What are the complications of the surgery?
Any
invasive procedure, no matter how carefully it is done has risks. Most
complications can be avoided with proper patient selection, education,
preoperative planning and meticulous attention to anatomy and surgical
techniques. Fortunately, the serious risks associated with surgery are
the exception rather than the rule. The most common
complications include: wrong vertebral level operated on (1.2 – 3.3%),
missed pathology and/or retained disc, dural (the sac of tissue that
covers the spine) tear (0.8-7.2%), epidural (the space outside the dura)

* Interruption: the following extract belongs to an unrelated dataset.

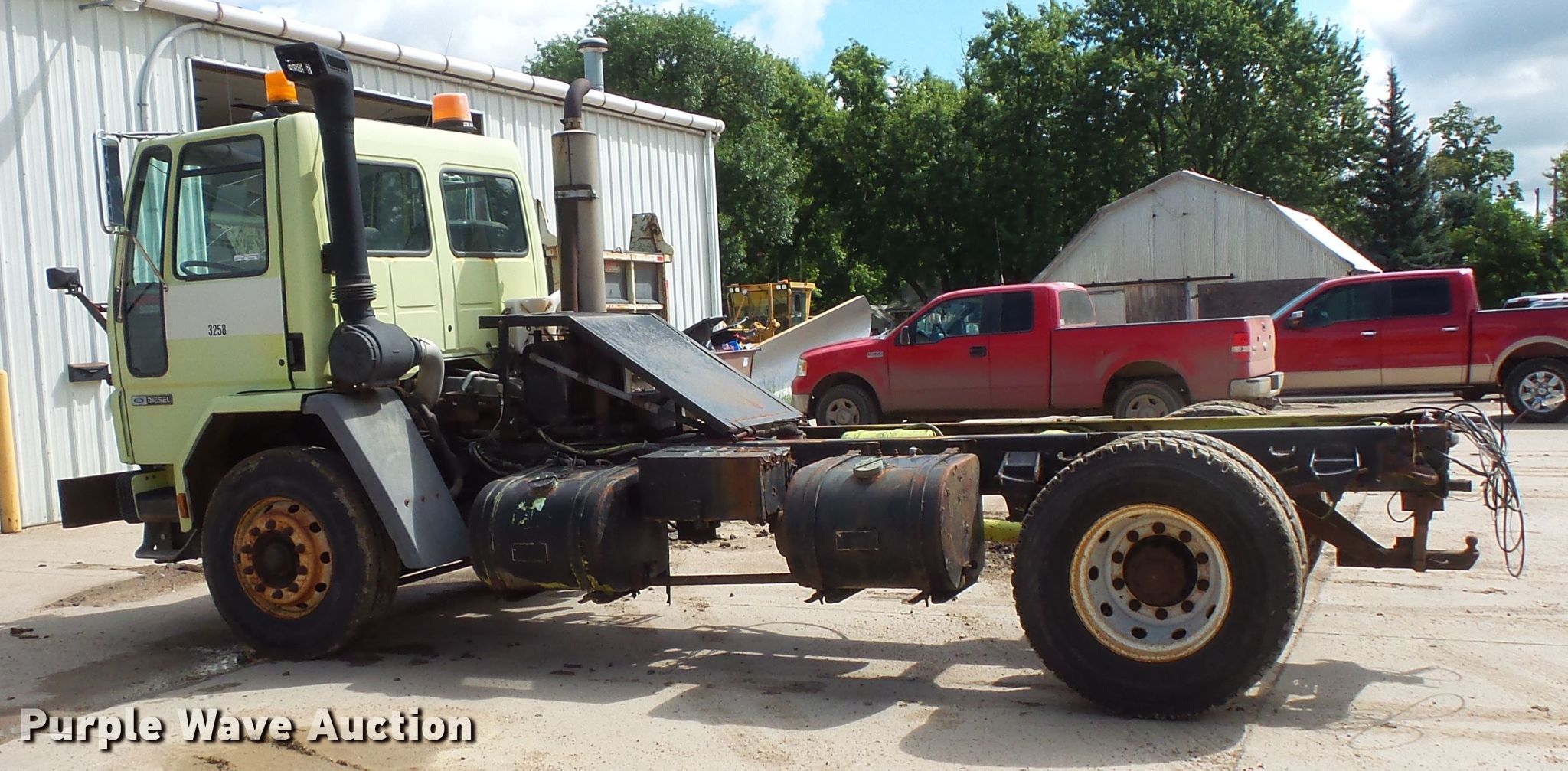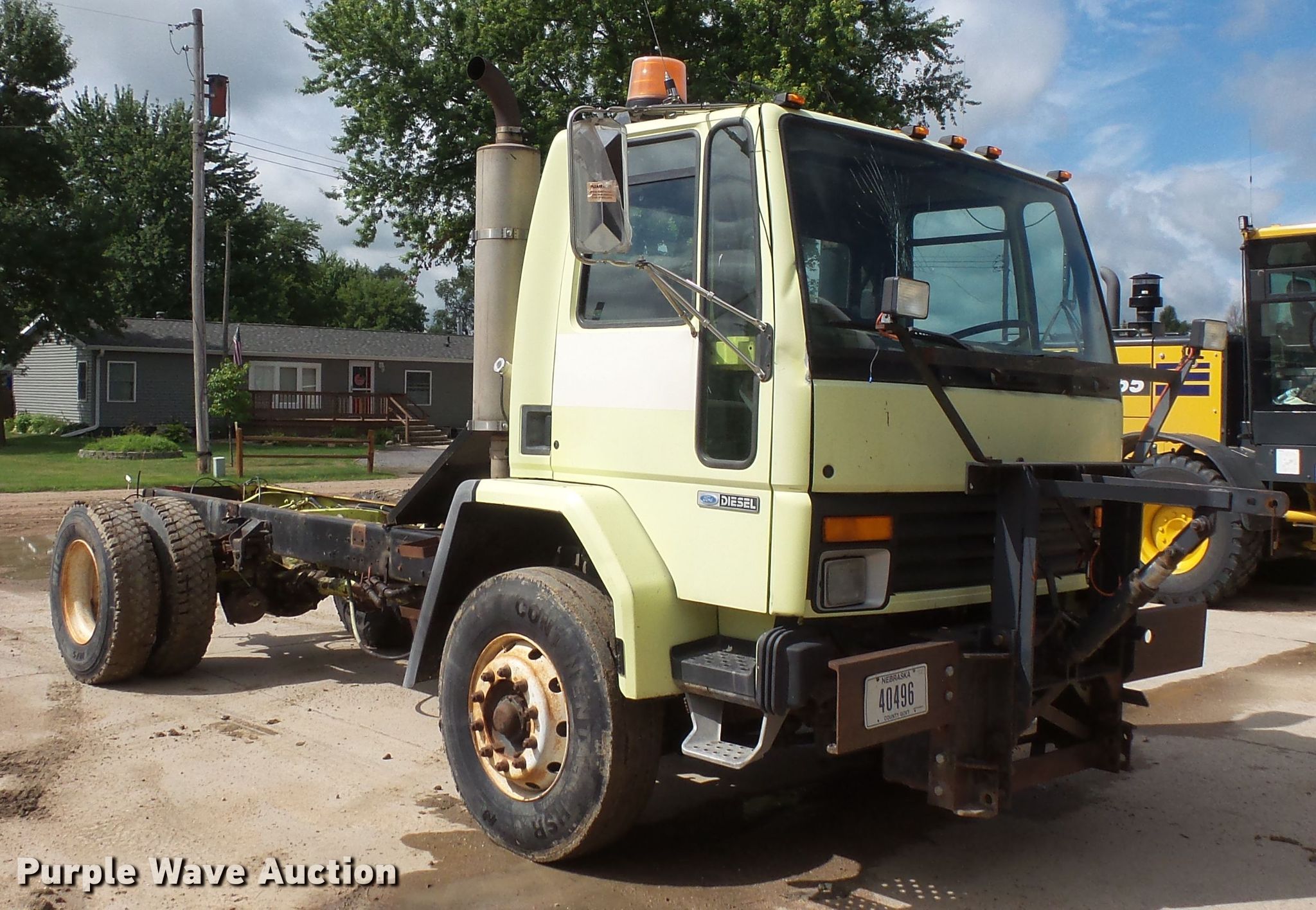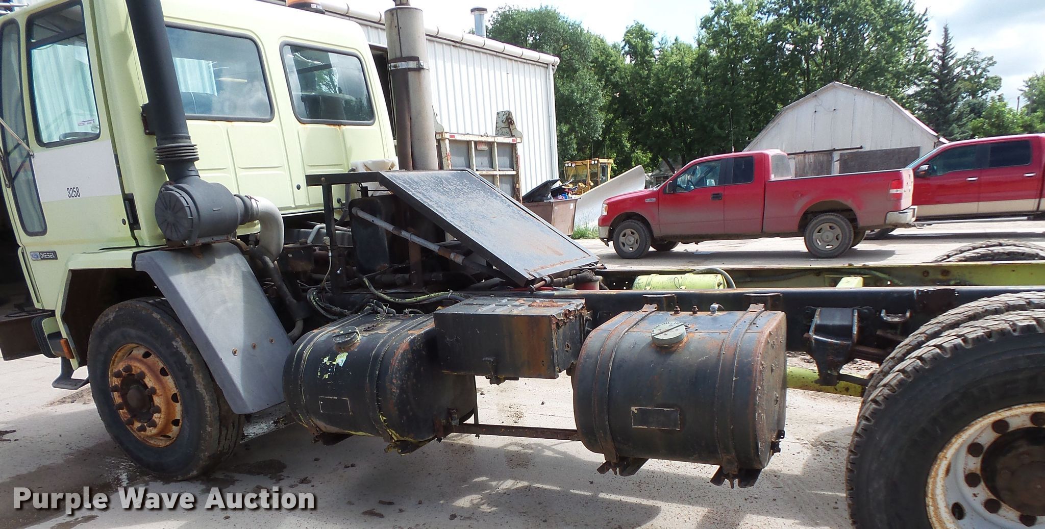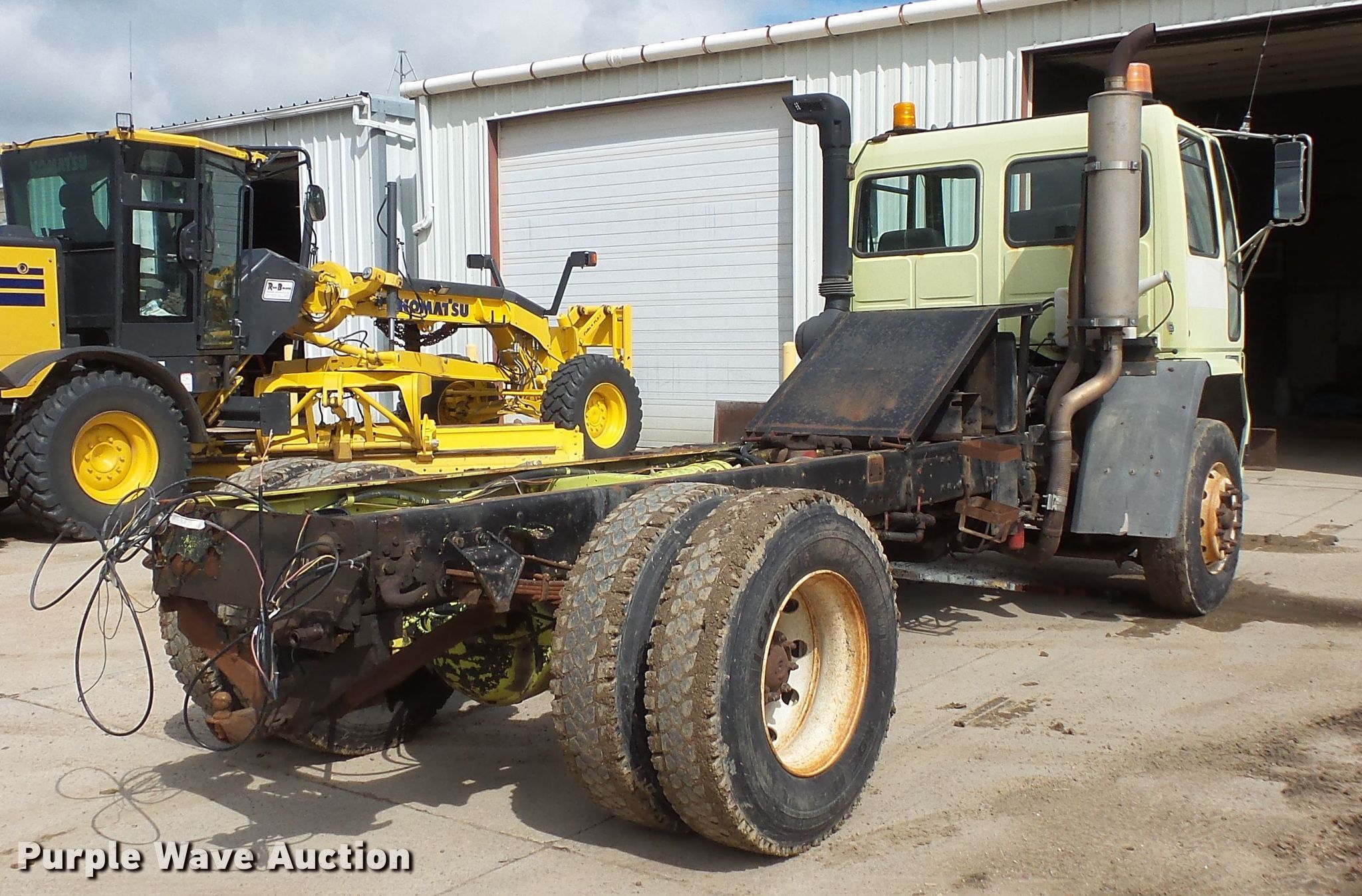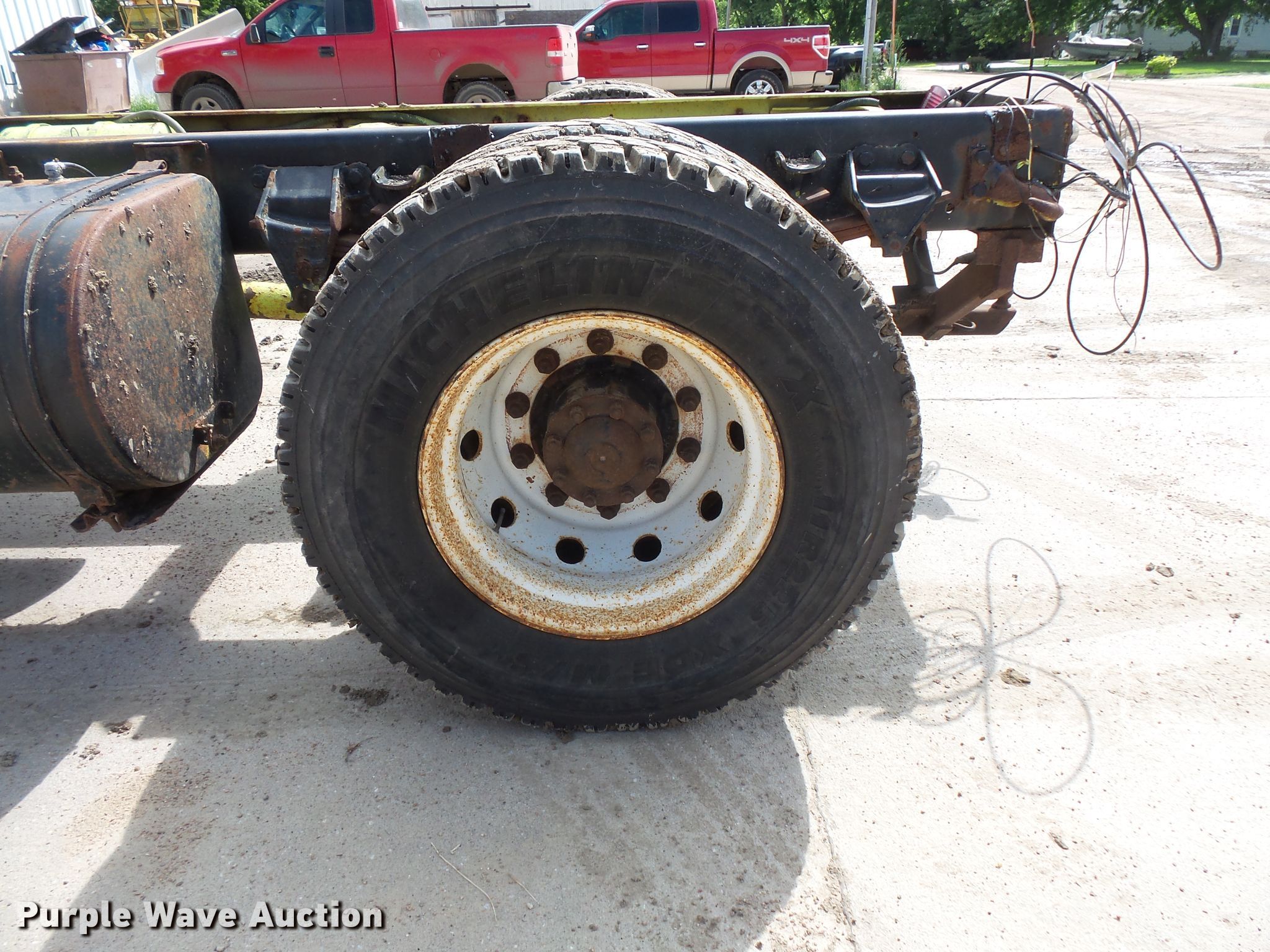Purple Wave is selling a used Truck Chassis in Nebraska. This item is a 1992 Ford CF8000 truck cab and chassis with the following: 32,720 miles on odometer, 5,120 hours on meter, 7.8L L6 diesel engine, Automatic transmission, Single axle, Heat, Electric plow lift, Spring suspension, Air brakes, 171" wheelbase, 11R22.5 tires, Cracked windshield, No taillights

venous bleeding, nerve root lesion (0.2%), residual sciatica, recurrent
disc herniation, cauda equina syndrome, epidural hematoma, infection
(2-3%), iatrogenic vertebral instability, thromboembolism (blood clot
blocking a blood vessel), and postoperative epidural fibrosis (scar
tissue) and/or arachnoiditis (inflammation of the delicate membrane
enclosing the spinal cord and brain). The overall complication rate
ranges from 1% to 3%.
Recurrent
herniations occur with a frequency of 5-15%, with the risk decreasing
over time after surgery. Lack of physical activity is a significant risk
factor for recurrence. Distinguishing between recurrent disc herniation
and epidural fibrosis can be difficult. Contrast enhanced MRI has
become the study of choice to differentiate between disc herniation and
scarring.
Nonoperative versus Operative Treatment
Based
on the studies, operative treatment provides more rapid resolution of
symptoms and a shorter recovery period compared with conservative care,
but no large differences have been found in success rates after one or
two years of follow-up. Patients and doctors weigh the benefits and
harms of both options to make individual choices. This is especially
relevant because the patients’ preference for treatment may have a
direct positive influence on the magnitude of the treatment effect.
Summary
Sciatica
is a fairly common health problem with a lifetime incidence (the number
of individuals that have experienced sciatica at some point in their
lives) varying from 13% to 40%. The most common cause of sciatica is a
herniated disc. The precise mechanism of sciatica is unclear. In
addition to mechanical compression, inflammation may play a role. The
natural history of sciatica is favorable, with resolution of leg pain
within six to eight weeks from onset in the majority of patients.
Consensus is that initial treatment is conservative for about six to
eight weeks. Imaging during this acute phase is indicated only in
patients with “red flag” conditions or who have failed conservative
treatments. If symptoms do not improve after six to eight weeks of
conservative treatments, patients may decide on surgery. Those who are
hesitant about surgery and can cope with their symptoms may choose to
continue conservative care. Patient preference is, therefore, an
important feature in the decision process. Only 2% to 4% of patients
with disc herniations are surgical candidates. The surgery may provide
quicker relief of leg pain than nonoperative treatment, but no clear
differences have been found after one or two years.